OpenClaw Model Manager v1.5 🛠️

💰 Optimize Your API Costs: Route Simple Tasks to Cheaper Models.

Why pay $15/1M tokens for simple translations or summaries when you can pay $0.60/1M? That's a 25x price difference (96% savings) for suitable tasks.

🆕 NEW in v1.5:

  • Enhanced Integration with model-benchmarks for real-time AI intelligence
  • Improved Cost Calculations with latest pricing data
  • Better Task Classification with expanded routing patterns
  • Stability Improvements and bug fixes

🚀 Quick Start

# List models with real-time pricing
python3 skills/model-manager/manage_models.py list

# Get routing recommendations  
python3 skills/model-manager/manage_models.py plan "write a Python script"

# Configure OpenClaw for cost optimization
python3 skills/model-manager/manage_models.py enable cheap

🇨🇳 中文说明

💰 拒绝冤枉钱!自动路由高性价比模型,最高节省 96% Token 费用。

🆕 v1.5 新功能:

  • 智能数据源整合 — 配合 model-benchmarks 技能获取实时 AI 能力评测
  • 精准成本计算 — 基于最新价格数据的成本估算
  • 增强任务识别 — 更准确的任务类型分类和模型推荐
  • 稳定性提升 — 修复已知问题,提升运行可靠性

这个 Skill 能帮你:

  1. 即时比价:列出当前 OpenRouter 上的模型价格
  2. 智能配置:自动将简单任务路由给高性价比的小模型(如 GPT-4o-mini)
  3. 🆕 数据驱动推荐:结合 AI benchmark 数据提供最优模型建议
  4. 🧠 自我进化 (Self-Healing):如果便宜模型经常失败,系统会自动切换到更稳定的模型

⚙️ Core Functions

1️⃣ list - Real-Time Model Pricing

python3 manage_models.py list

Fetches current OpenRouter pricing and displays cost-effective options.

2️⃣ plan - Smart Task Routing

python3 manage_models.py plan "translate this to French"
python3 manage_models.py plan "debug this Python error: TypeError..."
python3 manage_models.py plan "design a database schema"

NEW in v1.5: Enhanced task classification with better accuracy for:

  • 🔧 Technical tasks (coding, debugging, system design)
  • 📝 Content tasks (writing, translation, summarization)
  • 🧠 Analysis tasks (data analysis, reasoning, research)

3️⃣ enable - Auto-Configuration

python3 manage_models.py enable cheap    # Maximum cost savings
python3 manage_models.py enable balanced # Quality/cost balance
python3 manage_models.py enable quality  # Best performance

4️⃣ benchmark - Performance Analysis (NEW v1.5)

python3 manage_models.py benchmark --task coding

Integrates with model-benchmarks skill for data-driven recommendations.

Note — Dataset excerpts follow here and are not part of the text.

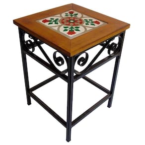 Banco De Ferro E Madeira Rústico Com Ladrilho Hidráulico Azulejo Ladrilho B3 - Marrom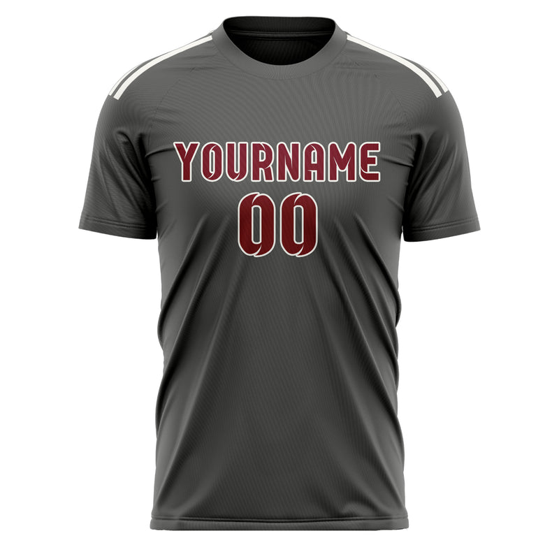 Custom Dark Grey Crimson Red Soccer Jersey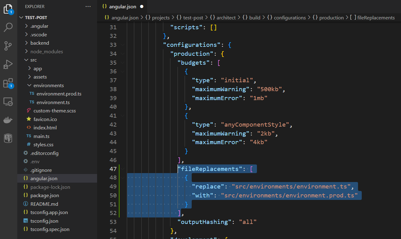 배포 시 자동으로 프로덕션 변수를 사용하도록 angular.json 파일의 프로덕션 설정에 아래 설정코드를 추가합니다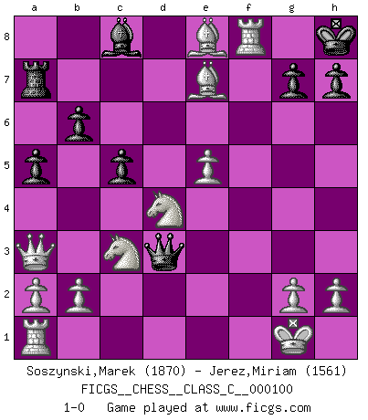 Last move : 1-0 2009 January 24 9:16:31 [Event "FICGS__CHESS__CLASS_C__000100"] [Site "FICGS"] [Date "2008.11.09"] [Round "1"] [White "Soszynski,Marek"] [Black "Jerez,Miriam"] [Result "1-0"] [WhiteElo "1870"] [BlackElo "1561"] 1.e4 e5 2.d4 d5 3.dxe5 Nc6 4.exd5 Nxe5 5.Qe2 Bd6 6.f4 Ne7 7.fxe5 Bc5 8.Qb5+ Qd7 9.Qxc5 b6 10.Qa3 Qxd5 11.Nf3 Qe4+ 12.Be2 Qxc2 13.Nc3 a5 14.Bg5 O-O 15.Bxe7 Re8 16.O-O c6 17.Bc4 Ra7 18.Nd4 c5 19.Bxf7+ Kh8 20.Bxe8 Qd3 21.Rf8+ 1-0 King's pawn game Kingside Castling by player Black (move 14) Kingside Castling by player White (move 16) Player White won this chess game. Follow this game move after move (download)A win by an unsound combination, however showy, fills me with artistic horror. (Wilhelm Steinitz) Wenn Dein Gegner dir ein Remis anbietet, versuch herauszufinden, weshalb er glaubt schlechter zu stehen. (Nigel Short) El Ajedrez es tan inspirador que yo no creo que un buen jugador sea capaz de tener un pensamiento malo durante una partida. (Wilhelm Steinitz) Le joueur d'Echecs qui veut atteindre le top est obligé de développer son propre credo créatif. Alexeï Stepanovicth Souétine. Il est facile d'écrire des livres ! Ce qui est difficile, c'est de jouer ! (Alexeï Stepanovicth Souétine) The meaning of life is that it is to be lived, and it is not to be traded and conceptualized and squeezed into a pattern of systems. (Bruce Lee)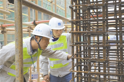 项目经理石峰(左)在施工现场检查工作
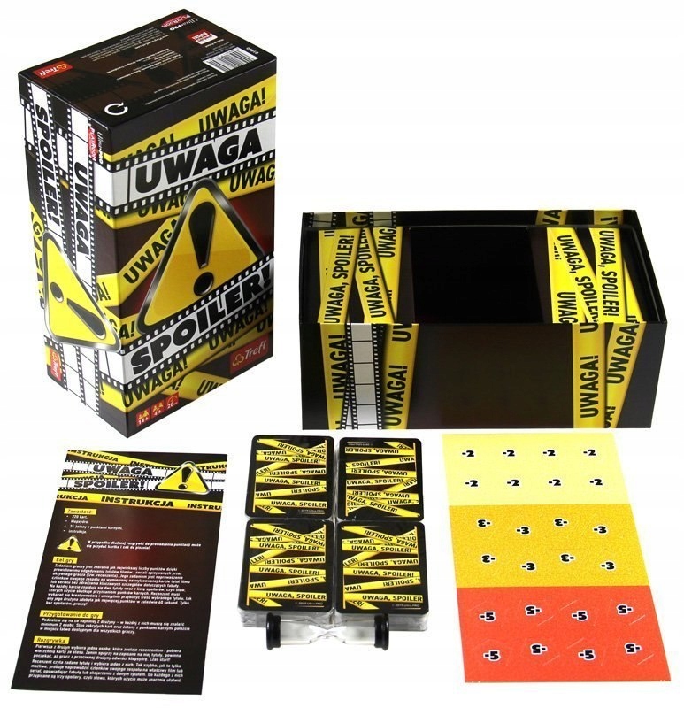 У грі Сповіщення про спойлер! Ваше завдання - вміло провести свою команду до фільму чи серіалу, вказаного на картці. Кожен заголовок містить список спойлерів, використання яких означає, що ви втрачаєте бали, тому будьте обережні, що ви говорите!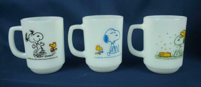 Title (ebay affiliate link): 3 Vintage FIRE KING Snoopy Peanuts Coffee Mugs Cups Milk Glass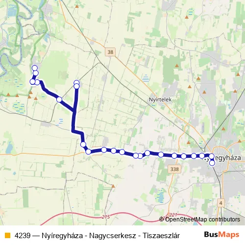 The first stop of the 4239 bus route is Nyíregyháza, autóbusz-állomás and the last stop is Tiszaeszlár, községháza. 4239 (Nyíregyháza - Nagycserkesz - Tiszaeszlár) is operational during everyday.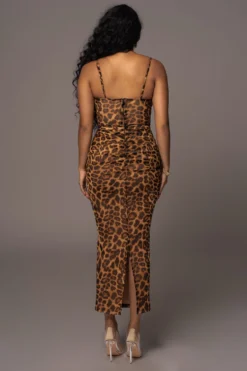 Make an entrance that won’t be forgotten in our Leopard Make An Entrance Cowl Neck Dress. Crafted in a desirable sheer fabric, this leopard print dress highlights a stylish cowl neck with adjustable shoulder strap and maxi length hem. Complete with a back slit hem and a back zipper for closure. Some stretch.Â
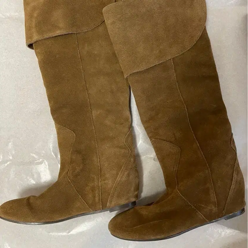 스웨이드 천연 가죽 베이지 브라운 롱 부츠 니하이 미사용 새상품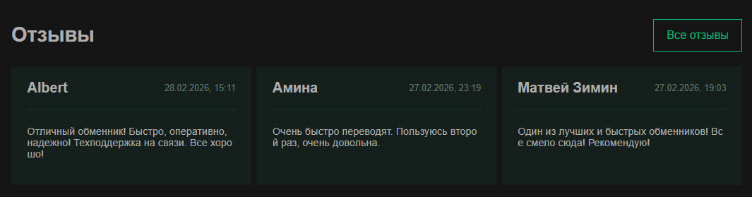 Наибольшие же подозрения связаны с размещением обменника на мониторингах, которые даже перечислены на сайте. На деле это ложная информация при переходе на данные агрегаторы открывается их главная страница, а карточки рассматриваемого сервиса на них нет.

💡 Integration with Model Benchmarks

Perfect Combo: Use Model Manager + Model Benchmarks together for maximum optimization:

# 1. Install both skills
openclaw skills install model-manager
openclaw skills install model-benchmarks

# 2. Get real-time AI intelligence
python3 skills/model-benchmarks/scripts/run.py fetch

# 3. Apply intelligent routing
python3 skills/model-manager/manage_models.py plan "your task" --use-benchmarks

Result: Up to 95% cost reduction with maintained or improved quality!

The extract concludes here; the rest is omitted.